On a Black Friday in the near future, thousands of dollars in cash change hands in stores all across Manhattan. However, the cash has been tainted with a genetically engineered strain of smallpox. Within days, emergency services are overwhelmed, riots and looting ensue throughout the panic stricken city, and the government quarantines the island as millions flee.

This frightening scenario opens Tom Clancy’s The Division, an action adventure game developed by Ubisoft Massive and released by Ubisoft for Microsoft Windows, PlayStation 4, and Xbox One on March 8th, 2016. In it, you play as a member of The Division, a special ops force authorized by the President to restore order. After applying a disappointingly limited amount of customization to your character and being sent out on some brief tutorial missions in Brooklyn, you ship out to Manhattan, establish a Base of Operations at the old Post Office, battle for control of the island, and track down those responsible for the Green Poison epidemic.

The Division is the very definition of an enormous game. The map contains a realistic depiction of Midtown Manhattan and is packed with activities. I’ve played the game for around 60 hours and am only just reaching the endgame activities, and so covering all the mechanics in detail, explaining every minute balance issue that Ubisoft is working to address, or relating a great majority of what I experienced would take too long. Instead, I hope to answer four basic questions that everybody who is looking to purchase The Division in the months after launch should be asking, whether they are new to this type of game or not.
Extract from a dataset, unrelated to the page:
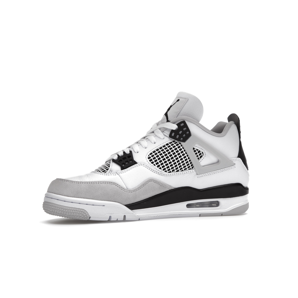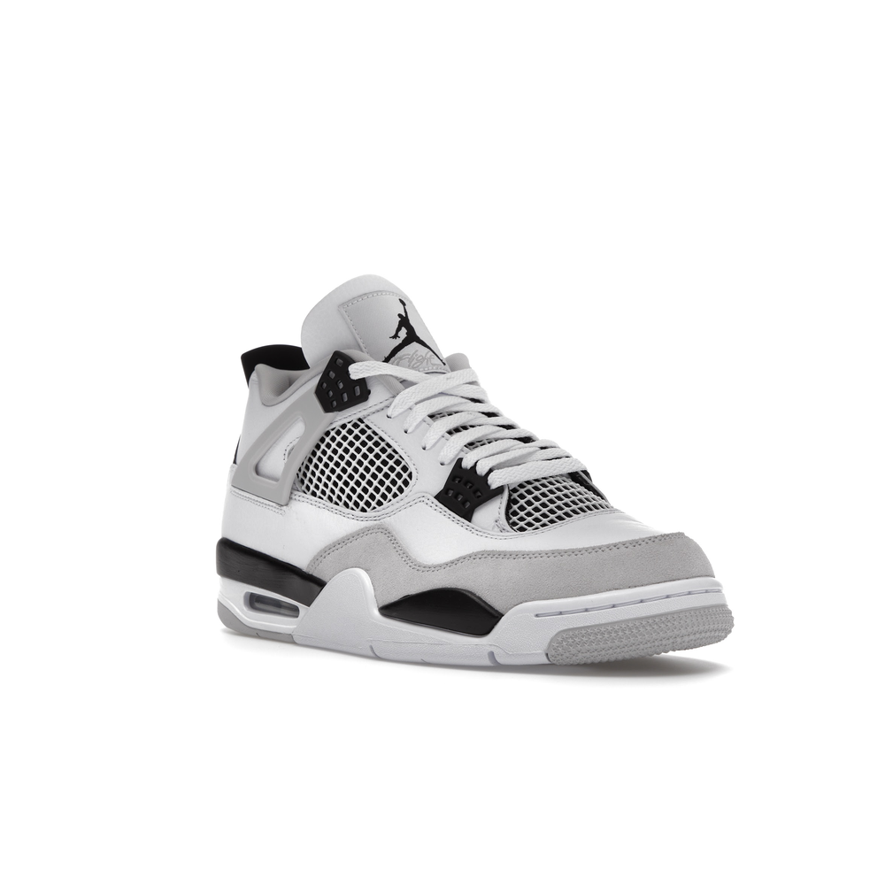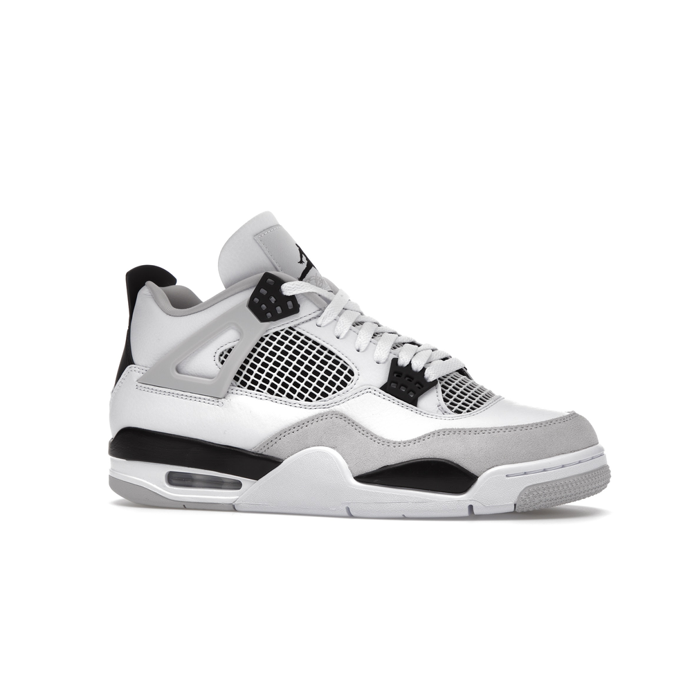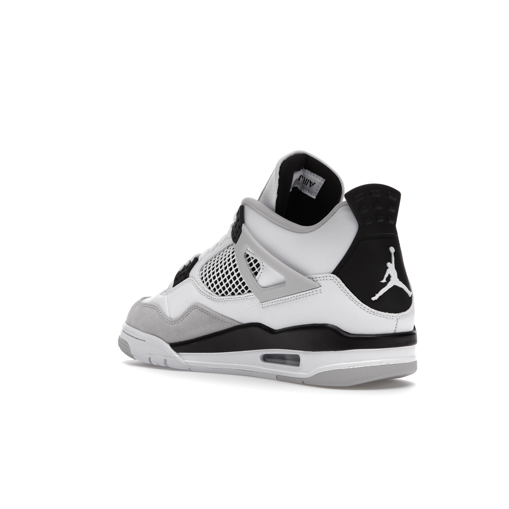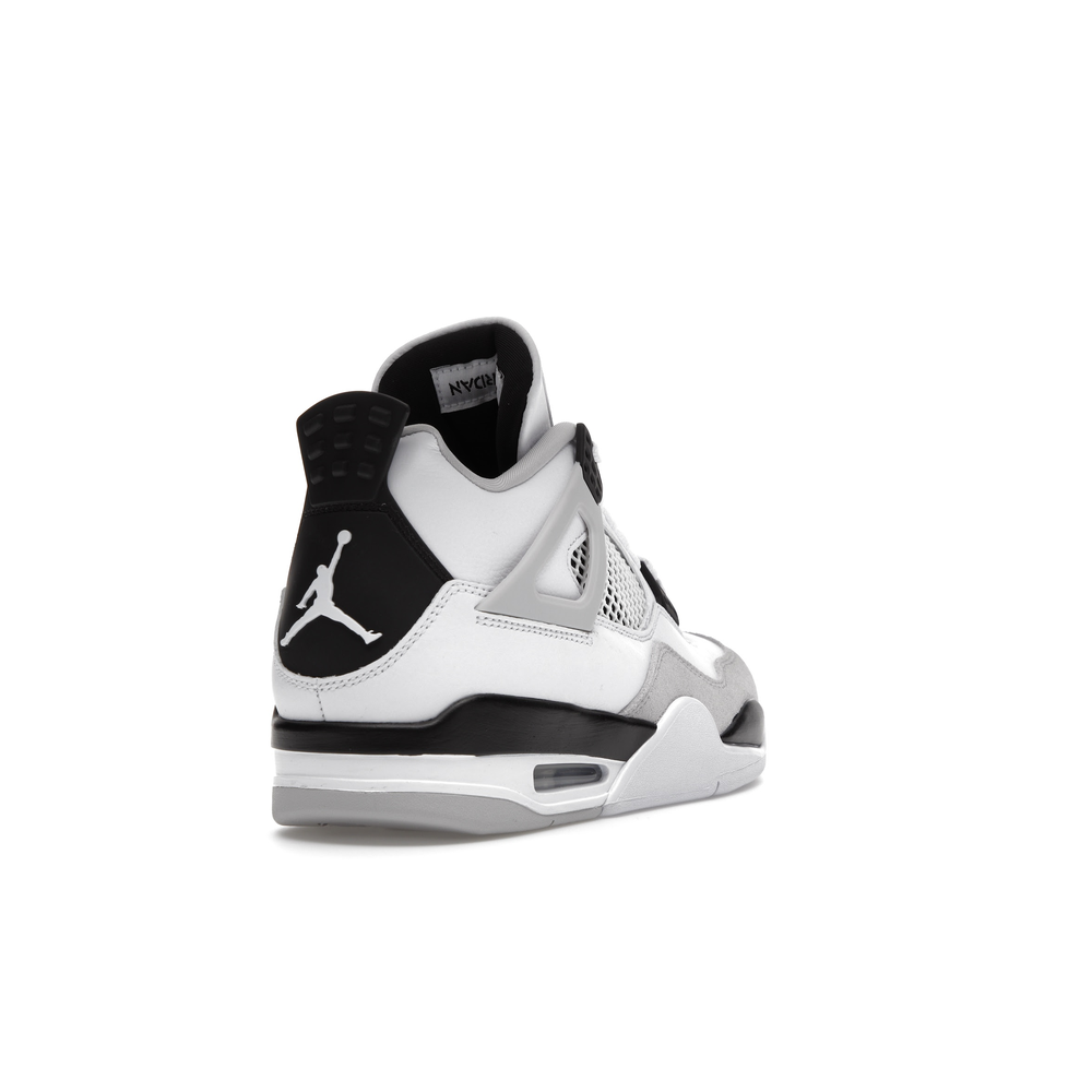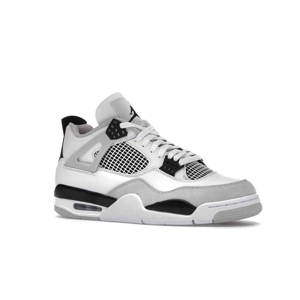 Drawing inspiration from the Air Jordan 4 Military Blue, the Military Black version boasts a smooth white leather upper, complemented by a light grey Durabuck toe wrap and netted TPU inserts. The Military Black eyelets, heel tabs, and underlays provide a striking contrast to the clean upper. The design is finished off with a white, black, and light grey sole, featuring a visible Air unit for added comfort and style.

1) Do I have a group of friends who already have or are planning to get this game?
2) What is the basic gameplay like; is it fun, and will it still be fun after X hours?
3) What are the world and story like, and how much do plot holes bother me?
4) What is there to do in the endgame, and will I want to continue playing?

Friends Factor

Although you can play by yourself, The Division requires an Internet connection to play. Just like any game with a heavy focus on online multiplayer, how much enjoyment you’re going to get out of it will ultimately come down to having a steady group of friends to play with. Anytime I tried to play solo or randomly pair up with people whom I didn’t voice chat with (which you thankfully can do on any mission, although you need to invite people to groups beyond that) was extremely frustrating after about level 10. Without friends to revive you or a team to coordinate with, enemies will be tougher to take down and, as a result,the gameplay becomes tedious (more on that later). I completed most of the campaign with a single friend (and played the occasional mission with my cousin as well), but later missions become so punishingly difficult that having a group of four is practically mandatory. So, if you prefer to play games offline, or have no friends running the platform of your choice who intend to play the game, you definitely won’t want to buy The Division. If you do have such friends, however, The Division will likely have huge appeal.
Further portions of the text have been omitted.